Adults: The dosage and duration of therapy shall be established depending on type and severity of infection and the condition of the patient. The recommended daily dosage is as follows: 500 mg IV every 8 hrs in the treatment of pneumonia, UTI, gynaecological infections eg, endometritis, skin and skin structure infections.
Nosocomial Pneumonias, Peritonitis, Presumed Infections in Neutropenic Patients, Septicaemia: 1 g IV every 8 hrs.
Meningitis: Recommended Dose: 2 g every 8 hrs.
Infections Known or Suspected to be Caused by Pseudomonas aeruginosa: 1 g 3 times daily (or every 8 hrs) or higher is recommended.
There is limited safety data available to support a dose of >2 g 3 times daily (or every 8 hrs).
Children: Infections Known or Suspected to be Caused by Pseudomonas aeruginosa: Recommended Dose: Dose of up to 40 mg/kg 3 times daily (or every 8 hrs).
Regular sensitivity testing is recommended when treating Pseudomonas aeruginosa infection.
Children >3 months and up to 12 years: Recommended Dose: 10-20 mg/kg every 8 hrs depending on type and severity of infection, susceptibility of the pathogen and the condition of the patient.

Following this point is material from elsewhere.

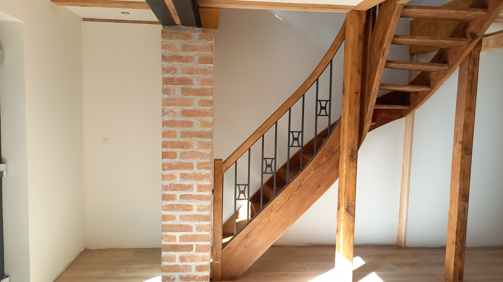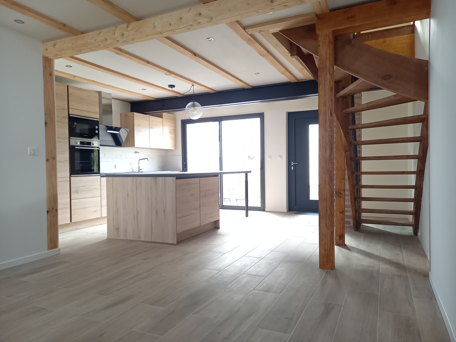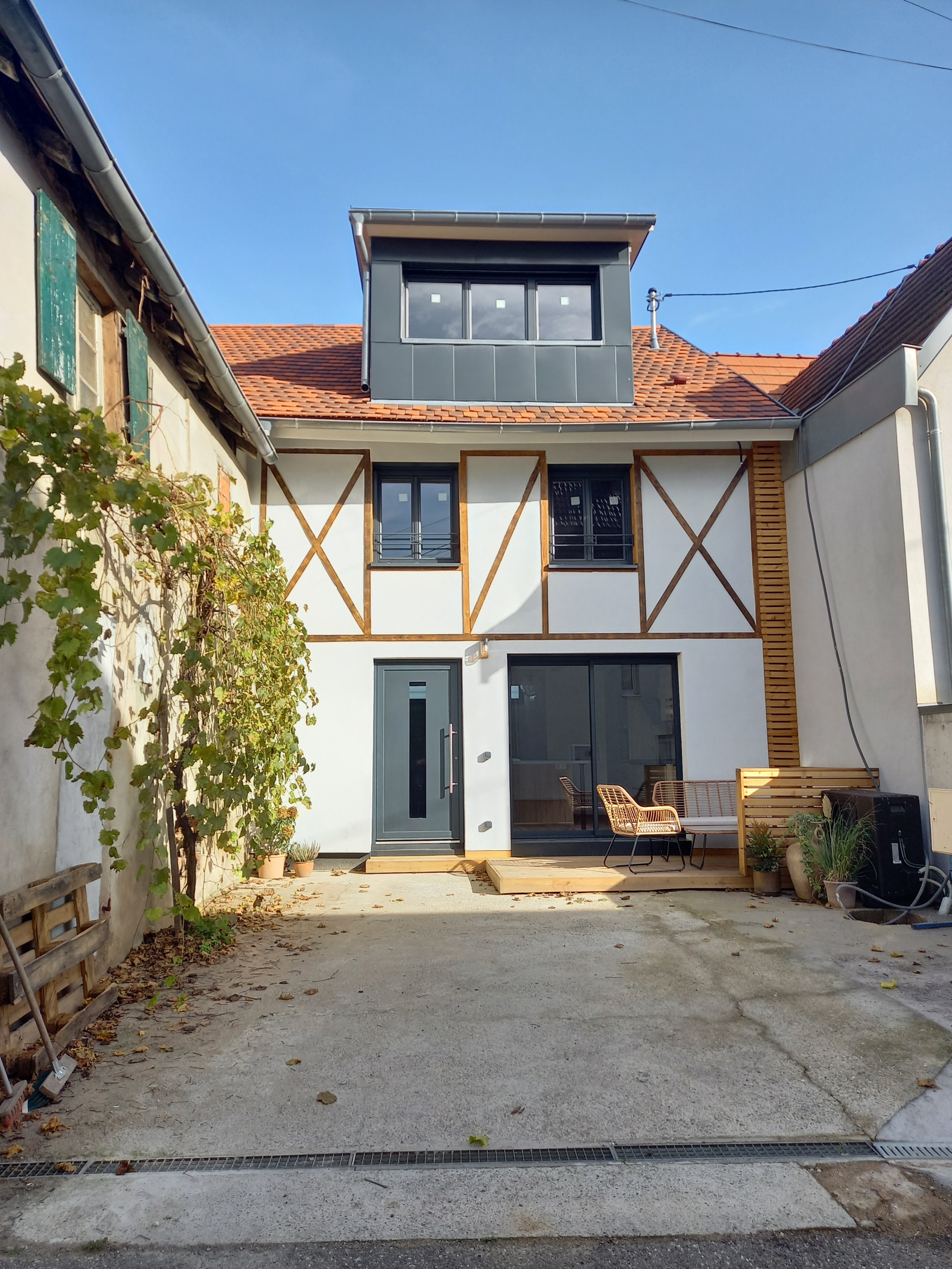Dans une impasse, grange entièrement rénovée en maison neuve d'habitation alliant tradition et modernité de 103.5m² habitables, qui comprend: entrée, séjour avec cuisine équipée de 36m² donnant sur une terrasse, buanderie-local technique avec wc. A l'étage : dégagement, 2 belles chambres, salle d'eau avec wc. Au 2e étage : très grande chambre mansardée. Chauffage par pompe à chaleur air/eau (au sol au rdc et radiateurs à l'étage), isolation complète (sol, murs et toiture) biosourcée. Cour avec stationnement 2 voitures. L'ensemble sur un terrain de 1.02ares. A 20mn de Strasbourg et 15mn de Molsheim, à 7mn de toutes commodités. Arrêt de bus à 2mn à pied, reliant Furdenheim à Strasbourg. Pour les visites: Laurent MATHIA 06.63.95.09.98

Children >50 kg: Adult dosage should be used.
Meningitis: Recommended Dose: 40 mg/kg every 8 hrs.
There is no experience in children with renal impairment.

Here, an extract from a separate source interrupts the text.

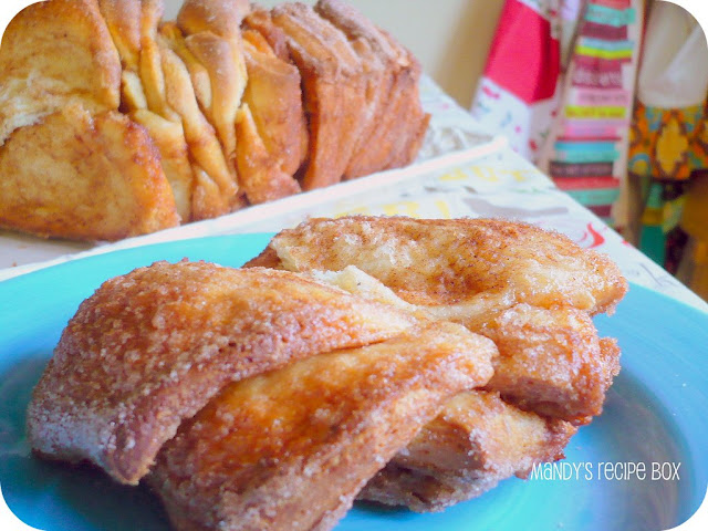 I did it. I finally made this infamous bread. I saw it on Joy the Baker and Pintrest and I couldn't get it out of my head. I had to do it. Oh.my.word. It looks complicated, but it's not. Even if it were, it doesn't even matter. It would be worth it. My son and I ate most of it before dinner (like right before dinner). We couldn't help ourselves. Fresh out of the oven, it's so warm and crunchy and gooey and yummy. It tastes best served fresh like that, but it's not bad warmed up as leftovers (ha! like there was any). That's what Joy says.

Elderly: No dosage adjustment is required for the elderly with normal renal function or creatinine clearance values >50 mL/min.

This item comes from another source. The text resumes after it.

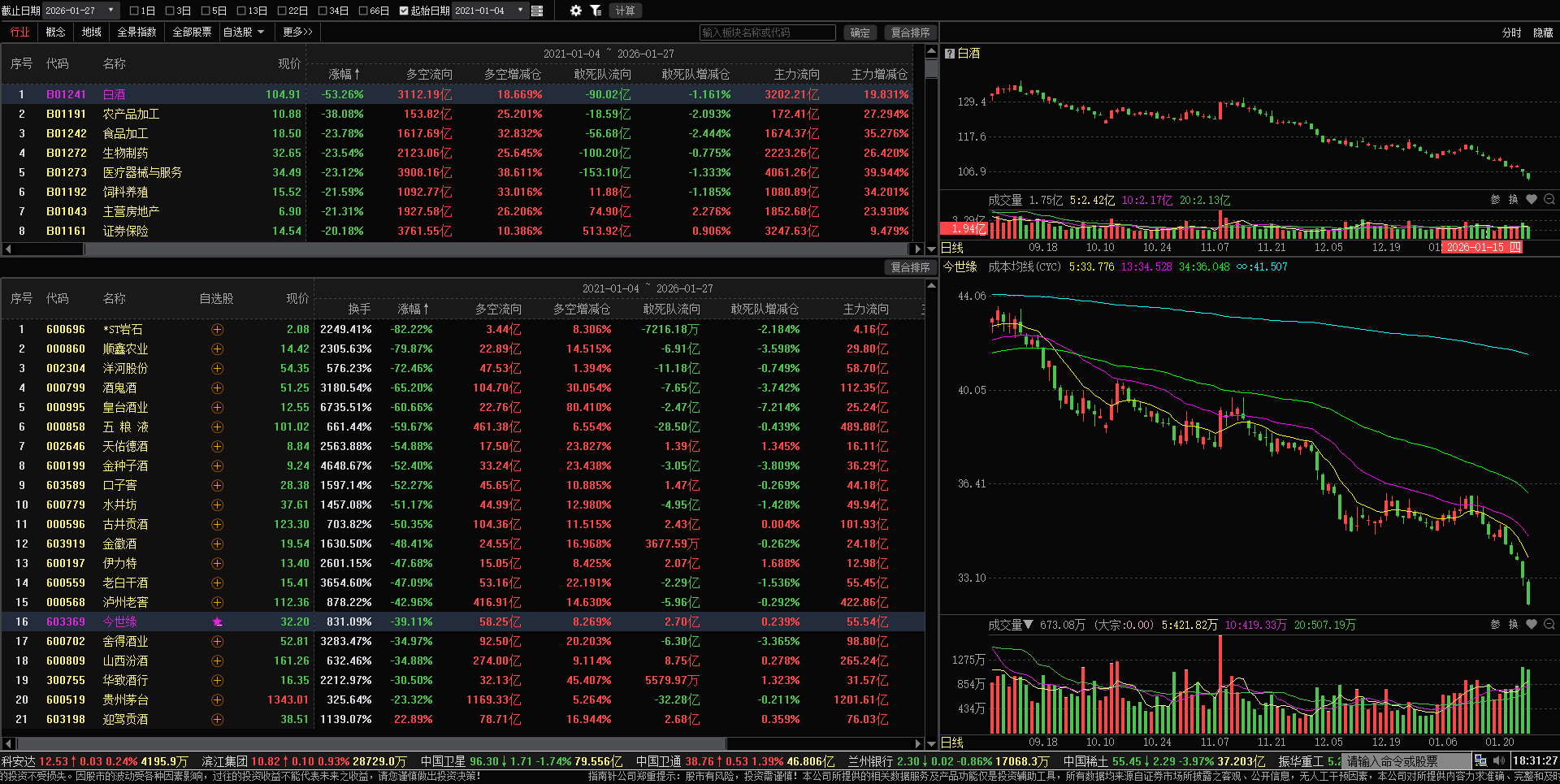 白酒板块今世缘5年跌幅还算可以了,都接近大宗交易成本线了。看看跌幅前10名跌幅吧

Impaired Renal Function: Dosage should be reduced in patients with creatinine clearance (CrCl) <51 mL/min, as scheduled as follows: CrCl 26-50 mL/min: 1-unit dose every 12 hrs, CrCl 10-25 mL/min: ½-unit dose every 12 hrs and CrCl <10 mL/min: ½-unit dose every 24 hrs (based on unit doses of 500 mg).
Meropenem is cleared by haemodialysis and hemofiltration; if continued treatment with Archifar is necessary, it is recommended that the unit dose (based on the type and severity of infection) is administered at the completion of the haemodialysis procedure to restore therapeutically effective plasma concentrations.
There is no experience with the use of meropenem in patients under peritoneal dialysis.
Hepatic Insufficiency: No dosage adjustment is necessary in patients with hepatic insufficiency (see Precautions).
Administration: Archifar can be given as an IV bolus injection over approximately 5 min or by IV infusion over approximately 15-30 min using the specific available presentations.
There is limited safety data available to support the administration of a 40 mg/kg bolus dose.
There is limited safety data available to support the administration of a 2 g bolus dose.
Archifar to be used for bolus IV injection should be constituted with sterile water for injection (5 mL/250 mg meropenem). This provides an approximate concentration of 50 mg/mL.
Archifar for IV infusion may be constituted with compatible infusion fluids (see Interactions and Cautions for Usage).